2.7. Evaluation of the Efficacy of Combined Phages and Carvacrol against Psa

The susceptibility of Psa strain SCJY02-1 to combinations of the phages and carvacrol at different concentrations was evaluated by measuring Psa growth (OD600) after the addition of different treatments at 27 °C every hour for 40 h. We evaluated each single phage and the cocktail in combination with 0 mg/mL, 0.5 mg/mL, 1.0 mg/mL or 2.0 mg/mL carvacrol. Psa without phage added was used as a control. Phage combined with varying concentrations of carvacrol was added to Psa inoculum at a MOI of 1 for experimental setups.

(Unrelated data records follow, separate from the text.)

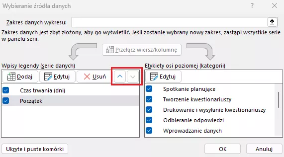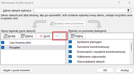 Zamieniamy miejscami przygotowane serie danych klikając odpowiednią strzałkę obok przycisku Usuń: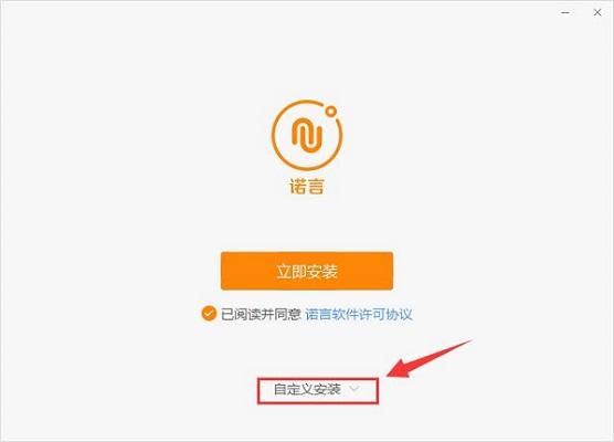 1、下载最新版诺言客户端,双击启动安装包,点开下方的“自定义安装”按钮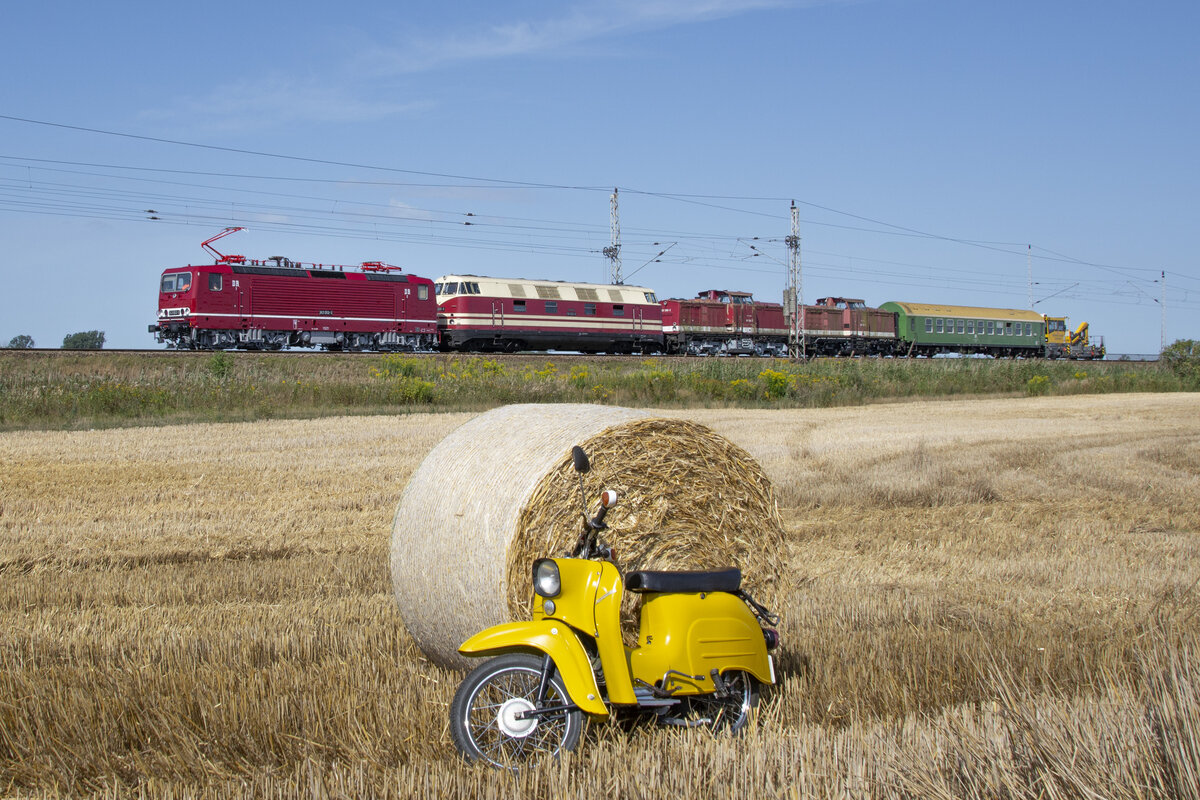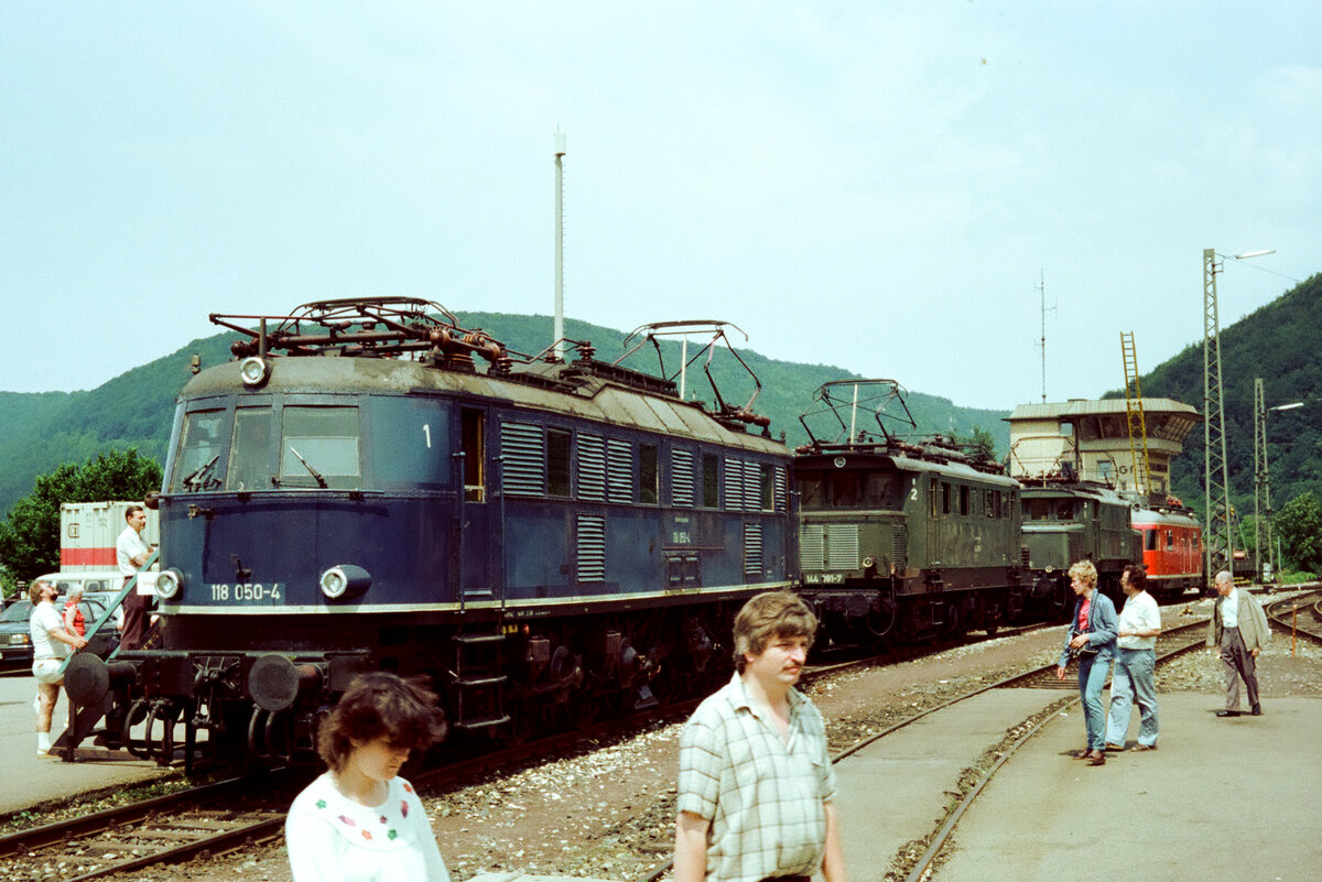 Die ehemalige Traditionslok der DR mit der früheren Tfz.-Nummer E 18 31 am 28.08.1990 auf einer Fahrzeugausstellung im Bw. Magdeburg Hbf. Auch wenn es vor Ort keine Oberleitung gab, hatten die Organisatoren der Ausstellung "ein Herz für die Fotografen" und präsentieren die Elektroloks aufgebügelt-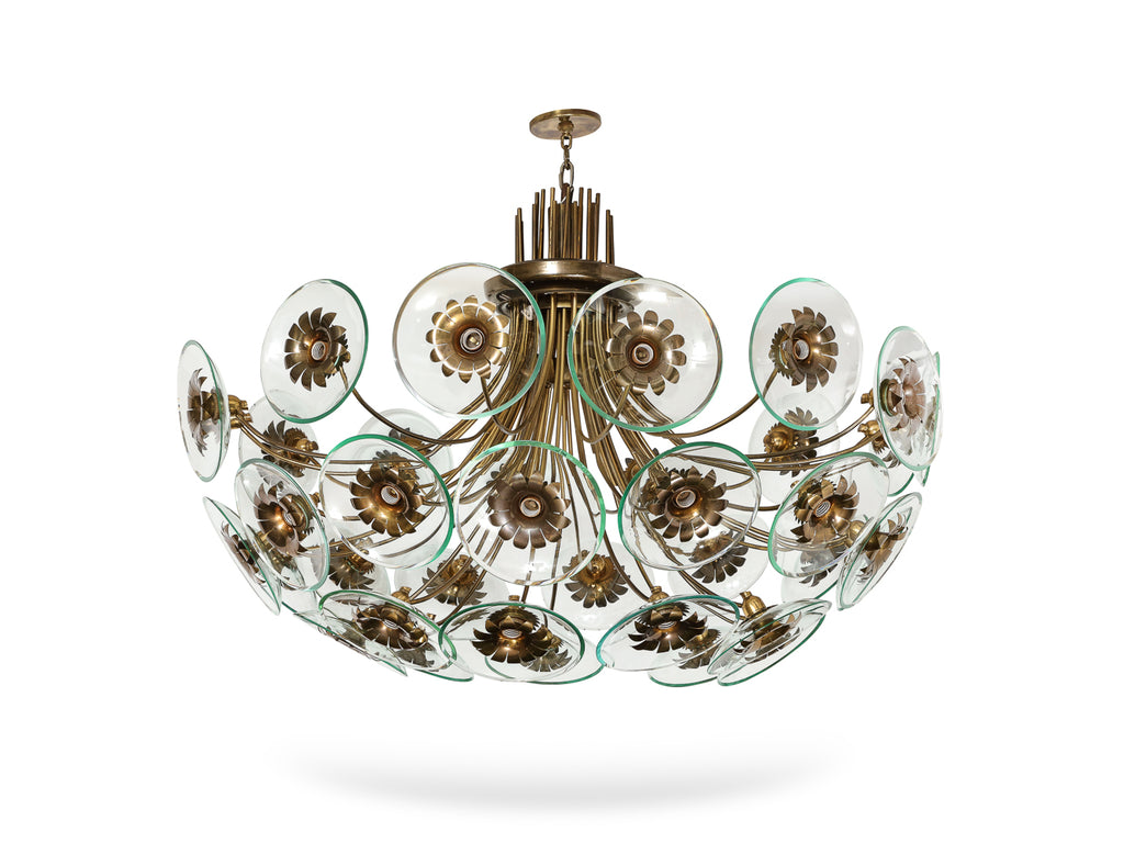 Italy | c. 1938 Brass, glass. A rare model resembling a hanging bouquet of flowers turned upside down. This monumental fixture features 37 arms, each ending with a brass flower and glass bobeche. 37 x E26 sockets.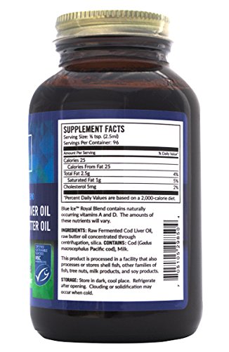 -. Title : BLUE ICE Royal Butter Oil/Fermented Cod Liver Oil Blend Gel - Non Flavored, 8.1 fl. oz.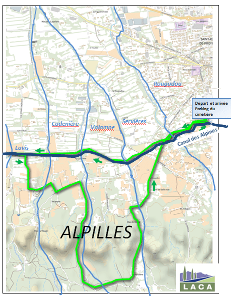 Départ au parking du cimetière de St-Rémy. Suivez le canal vers l’ouest . Vous croiserez 5 gaudres (voir « petit vocabulaire ») qui sont représentés sur la carte. Au bout de 2,5 km tourner vers la gauche sur le chemin Ste Trophine. Suivez cette route jusqu’à qu’ ‘elle rencontre la rue Servières et Cadenières. Suivez cette route vers la gauche jusqu’aux panneaux « Valemple » et « mur d’escalade ». Suivez cette direction le long du gaudre de Valemple. Dépassez le mur d’escalade. A une fourche prendre à gauche, puis le premier sentier vers la gauche, montez jusqu’à un petit col. Prenez le 3ème sentier sur la gauche qui descend le long de la vallée après le col . Suivez le chemin puis la route jusqu’au canal et prenez le vers la droite.
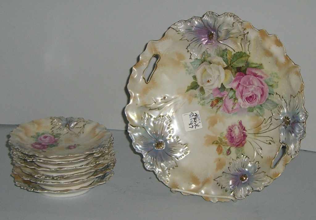 2701 RS Prussia cake plate & 6 dessert plates pink flowers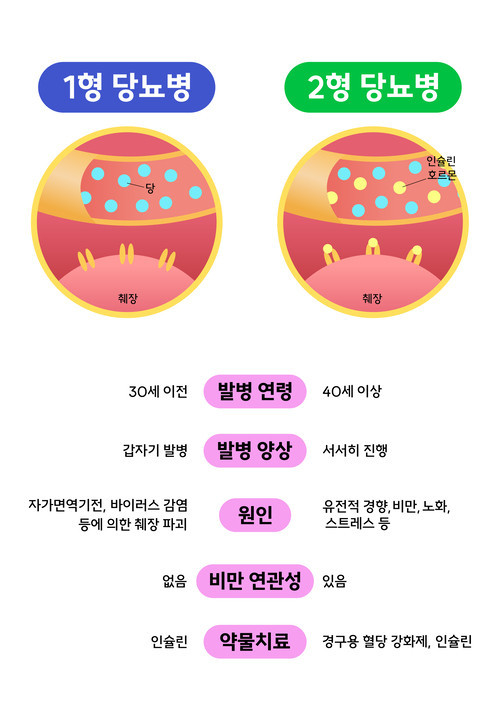 제1형 당뇨와 제2형 당뇨의 원인과 주요 차이점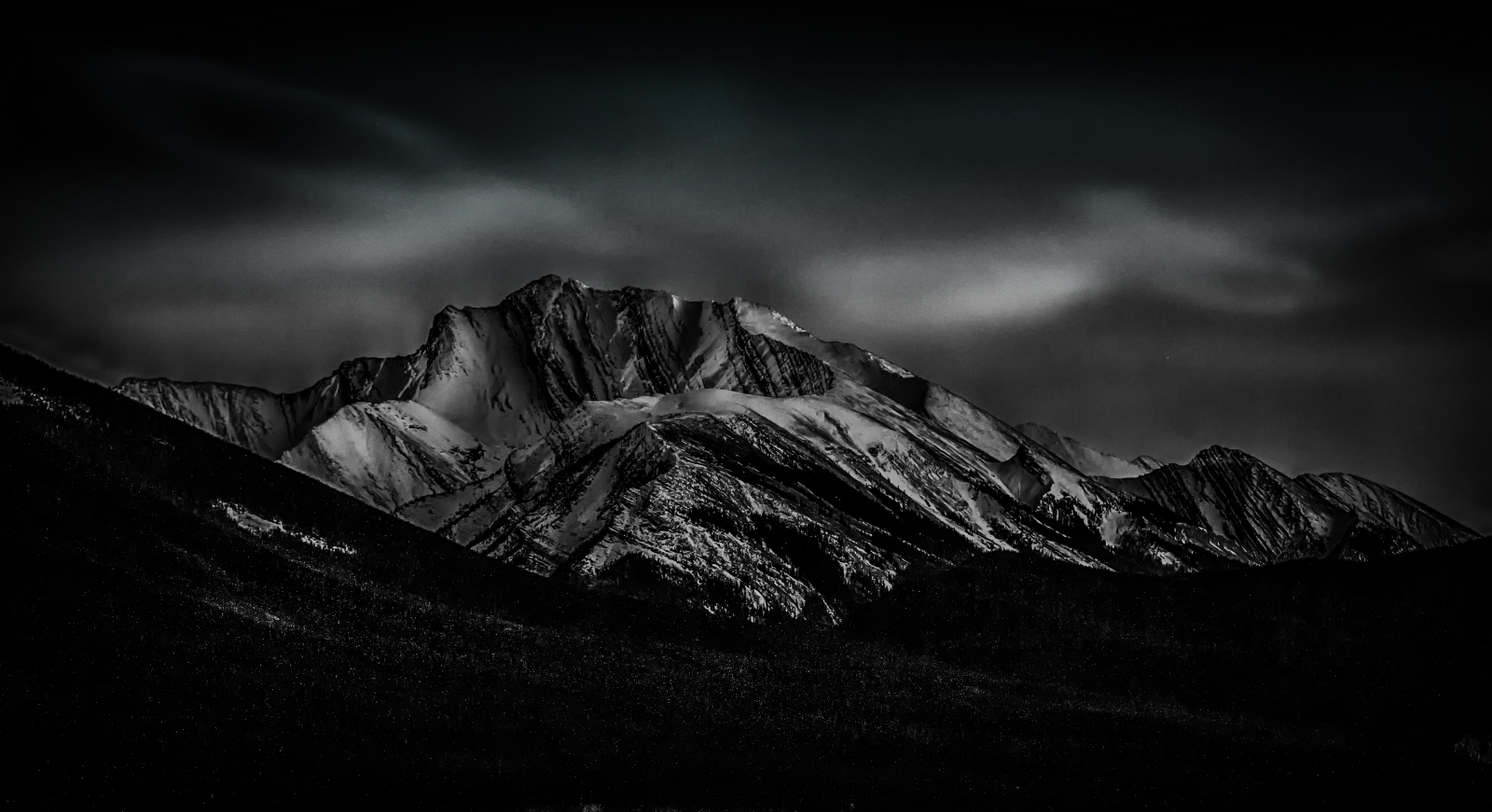 In a drive to Kananaskis two weeks ago, there were many points of ‘recognizing a shot,’ those shots that could be taken, those points of becoming mentally aware of photographs that were available – frost covered, harvested farm fields at sunrise south from Peace River as shadows stretched across land, something not usually accessed by me in my usual travel times; bright yellows of hay bales and patterned swaths on farm fields west of Calgary; cattle ranches along rolling foothills in autumn colour moving into the Rocky mountains; shadows cutting into forested Kananaskis mountains along snowy ski trails high above in the last hour before sunset. These images were available in that drive – the choice really became about whether or not to pursue photography along the way versus waiting for the photography that could occur at destination. The images that follow are Kananaskis images, photography at destination – the three final ones are shot at night during full moon.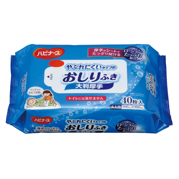 おしり拭き ハビナース やぶれにくいタイプのおしりふき 大判厚手 / 11117 40枚 からだふき お尻拭き ウェットティッシュ【返品不可】 // T0941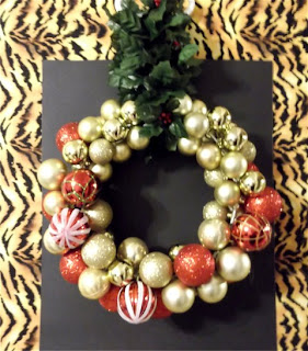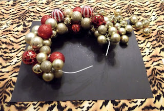 3. Finish the circle by either wiring or taping (like I did, shown) the ends together to make a full circle. After this, arrange your ornaments a bit more to compensate for the space.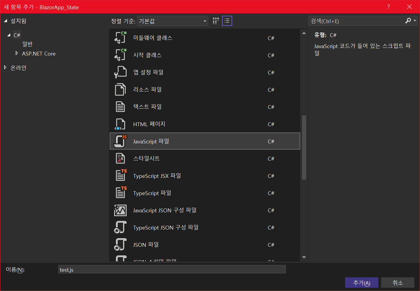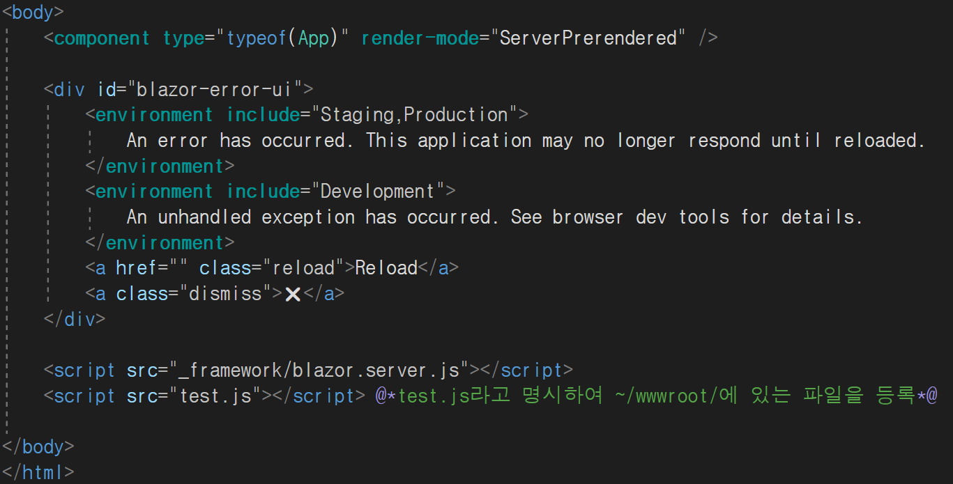 - Pages/_Host.cshtml에서 <script src="test.js"></script>라고 설정하여 test.js 파일을 등록합니다.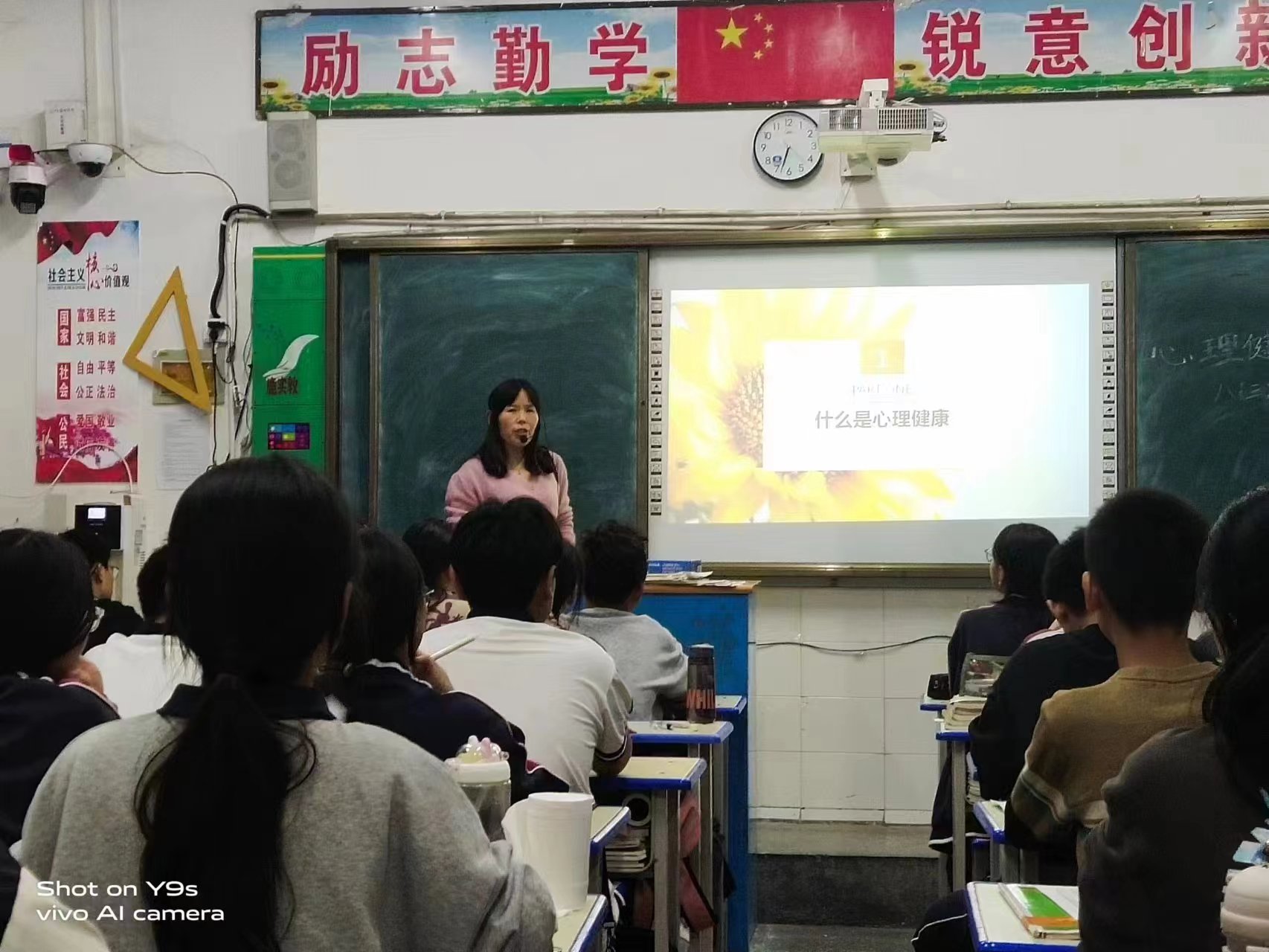 學校政教處提前制作好課件,各班班主任充分利用第一節(jié)晚自習,從“什么是心理健康”“中小學生心理健康的標準”“增進心理健康的途徑”三個方面進行認真講解,引導學生合理調(diào)節(jié)自己的心理,啟示學生日常生活中不僅需要有健康的體魄,而且更需要有健康的心靈,并正確認識自我、接納自我,享受美好人生。特別在講到“增進心理健康途徑”這一環(huán)節(jié)時,學生積極發(fā)言,師生頻繁互動,最終讓學生們明白對于同一件事情,個人想法不同帶來的情緒也不相同,要保持樂觀的生活態(tài)度,即使遭遇到挫折、失敗,依然能夠保持積極向上的情緒。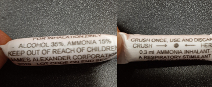 Police say they were this evening called around 6:30 p.m. to the 900-block of Arm Street in Esquimalt after a parent located an ammonia inhalant, commonly referred to as “smelling salts”, in their child’s Halloween candy.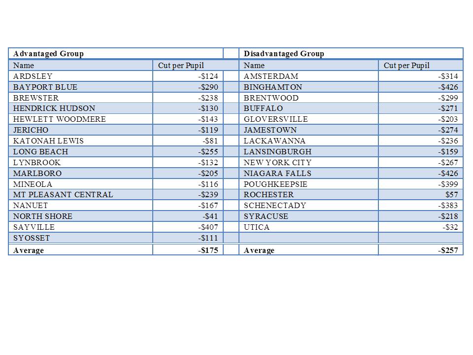 And here is the distribution of the most recent per pupil cuts in aid:
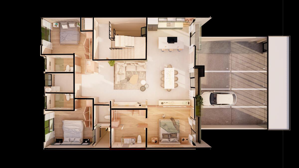 * Patio posterior, sólo aplica para el departamento de planta baja.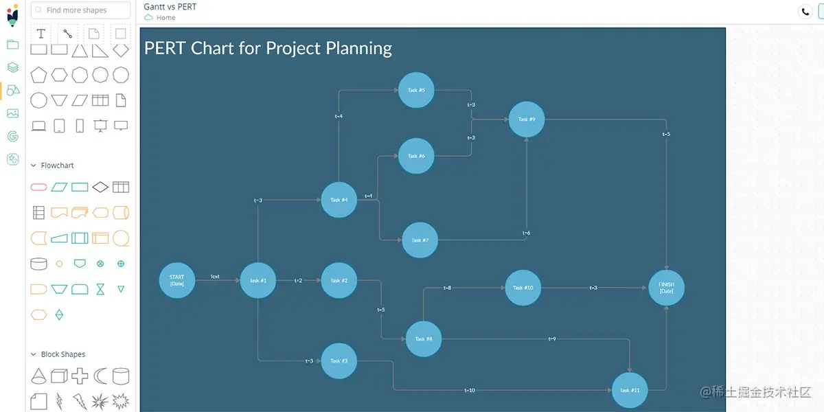 PERT图是程序评估审查技术图的缩略语。在一个二维平面上,一个类似于流程图的图形显示了从开始到结束的所有任务。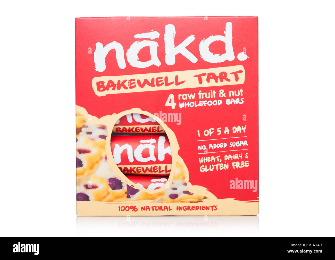 LONDON, UK MARCH 01, 2019 Pack of NAKD Raw Fruit and Nut Wholefood Bars with Bakewell Tart on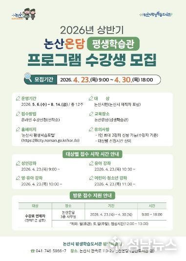논산시가 4월 23일부터 4월 30일까지 ‘2026년 논산시평생학습도서관 상반기 정규 프로그램’수강생을 모집한다.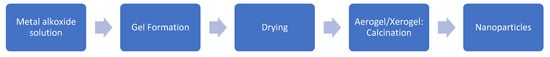 Sol-gel is considered to be one of the simplest and most commonly used methods for the synthesis of nanoparticles. It is composed of a few straightforward steps, as shown in Figure 4. The sol-gel technique is used to prepare 35% of nanomaterials worldwide, which makes it one of the most used techniques to prepare nanomaterials. It is a chemical method that comprises a solution working as a precursor for an assimilated system of distinct particles [], which offers the potential control of the whole reaction during synthesis []. It was first used to prepare monolithic glass, ceramics, and aerogel materials at an industrial scale at a relatively low temperature. It is just in the last few years that it has been developed for the production of advanced nanomaterials and coatings [,,]. The sol is a colloidal solution made of suspended solids in a liquid phase, and the gel can be considered a solid macromolecule dispersed in a solvent. This technique consists of the transformation of the sol into a gel state with a post-treatment and transition into solid oxide material.

To determine the inactivation of Psa strain SCJY02-1 by the phages and carvacrol, a Psa culture (final concentration of 109 CFU/mL) was mixed with phages (final concentration of 1 × 109 PFU/mL) and carvacrol (final concentration of 2.0 mg/mL) and incubated at 27 °C. Samples were collected at 0 h, 4 h, 8 h, 12 h, 16 h, 20 h, 24 h, 28 h, 32 h, 36 h and 40 h of incubation, and the bacterial concentration after incubation in NA at 27 °C for 48 h was determined by the colony count method. According to the results presented in Section 3.4, PN05 was more effective than PN09 at inhibiting Psa growth. Therefore, we evaluated PN05 or phage cocktail in combination with 2.0 mg/mL carvacrol. The following five treatments were used: (1) PN05, (2) phage cocktail, (3) carvacrol alone, (4) PN05 + carvacrol, and (5) phage cocktail + carvacrol. Psa culture without phage and carvacrol added was used as a control. For each condition three independent assays were done, with two technical replicates per assay.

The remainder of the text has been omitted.